I think like Lazarus, we are bound.  God resurrects, brings us back from the brink, helps us to overcome, but He does not do the work for us.  Like Christ, God beckons us from the door of the tomb, inviting us to cast off the things that bind us and to stagger blinking into the sunshine of new life.

What are the things that bind us?  What are the things that prevent us from exiting our tomb and grasping that new life?  Greed, selfishness, anger, fear, laziness, hopelessness...these are just a few of the things that could bind us and keep us in our tombs.

I had a mentor who used to say, "Whoever or whatever keeps you up in the middle of the night is what binds you".

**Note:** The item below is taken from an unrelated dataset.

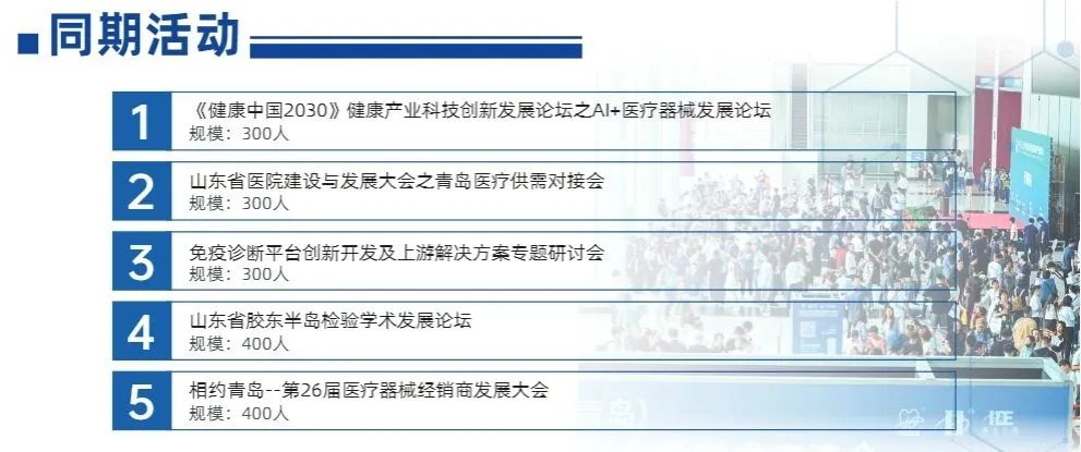 中国(青岛)国际医疗器械展暨医院采购大会已联展25届,以“最具效果医疗展” 著称,致力于打造医疗器械全产业链的产品技术、服务贸易创新、学术交流为一体的行业综合服务平台。是山东各级医疗机构的定点采购基地,也是展商树立品牌形象,拓建山东及北方医疗市场,商贸洽谈、订货交易的绝佳平台。
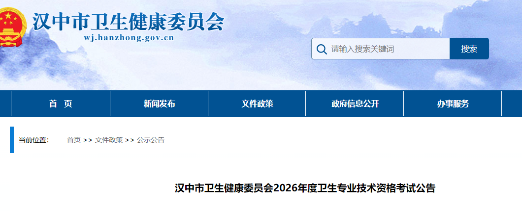 漢中市衛(wèi)生健康委員會2026年度衛(wèi)生專業(yè)技術(shù)資格考試公告

Certainly we have all lain awake at night pondering a situation or person, rolling over anger, worry or regret.

Don't get me wrong, some things are worth getting angry about, some things are genuinely worrisome and I am not inviting people to a life of cavalier recklessness.  But I am inviting us all to cast of the things that bind us and prevent us from living happy, joyous and free.

Whatever binds you this Lenten season, whatever your tomb is made of, I hope you can walk out of it and live the resurrected life.